Most commonly the Supraspinatus on top of the shoulder is torn but other tendons can also be involved. Partial thickness tears of these tendons can often be treated with activity modification, simple pain medication and a physiotherapy program strengthening the rotator cuff. If a partial tear progresses to include the full thickness of the tendons surgical treatment is often required.
Acute traumatic tears often occur in the younger population. An early repair generally allows a solid reattachment of the tendon and a full functional recovery.
Chronic degenerative tears can become large and the quality of the tendon might be poor. The torn tendon also affects the muscle appearance. Shrinkage of the affected muscle combined with the retraction of the tendon sometimes make a complete repair impossible. In these cases a partial repair might be beneficial to address the pain.
A rotator cuff repair depending on its presentation can be repaired arthroscopically or through a mini open approach.

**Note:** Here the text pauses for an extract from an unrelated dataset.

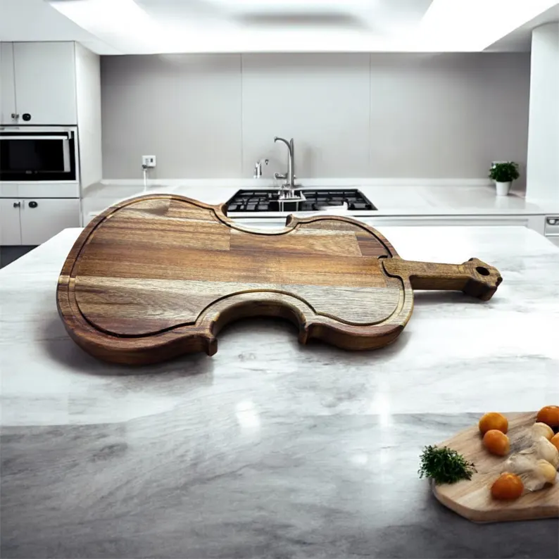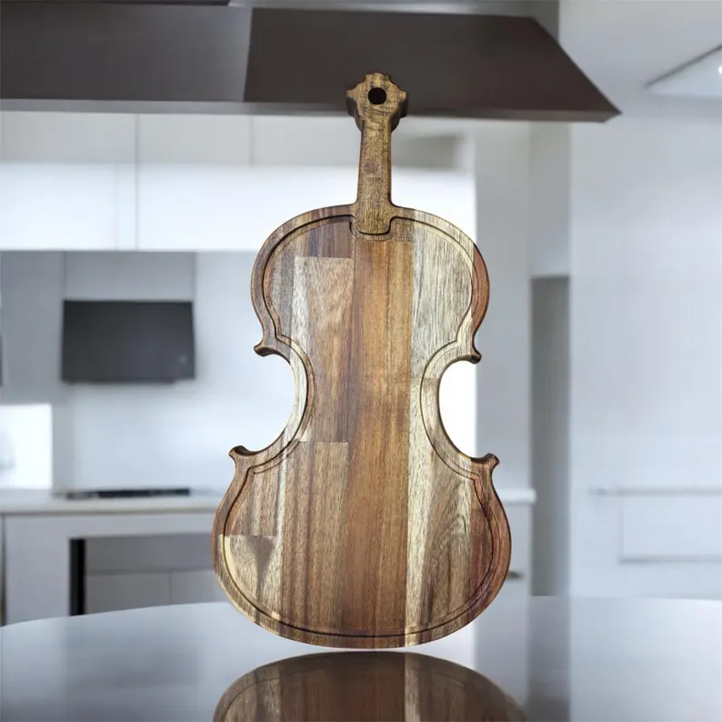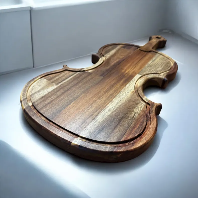 Schneidebrett GEIGE VIOLINE CELLO Akazienholz Hackbrett geölt Massiv 50x25x2,6cm Saftrinne

Surgery is generally performed under a general anaesthetic in combination with a nerve block to control postoperative pain. Patients usually stay in hospital overnight and return home the following day. A shoulder sling is used for 4-6 weeks and a the patients undergoes a specific physiotherapy program to regain shoulder function and to prevent stiffness
The shoulder joint is a ball in a socket joint which is prone to dislocations. It’s extreme range of motion and it’s less favorable size ratio between the socket (glenoid) and the ball (humeral head) lead to a reduced stability. Intact bony surfaces and soft tissue structures are essential for stability.
Trauma leading to a dislocation can cause loss of bony structures and soft tissue restrains making the shoulder joint more unstable. It requires then less force for the shoulder to re-dislocate.
Particularly in the juvenile and adolescent population re-dislocation rates are extremely high (95%). Non operative treatment often fails in this patient and stabilisation procedures are recommended.
Preoperative radiological assessment of the shoulder joint in form of a CT and/or MRI scan helps to terminate how much soft tissue and bony components are involved. In most cases damage to the bony structures is minimal and a simple keyhole soft tissue procedure is sufficient to regain stability. Extensive damage to the bony structures of the socket need to be addressed with a bone graft a so called Laterjet procedure to replace the deficient bone.
Surgery is performed under a general anesthetic and a nerve block to manage postoperative pain. Most patients stay overnight in the hospital and return home the day after surgery. Sling treatment is required for 4-6 weeks when a gentle physio program is introduced to regain shoulder function.
In most patient a return to pre-injury levels of sport and activity is expected.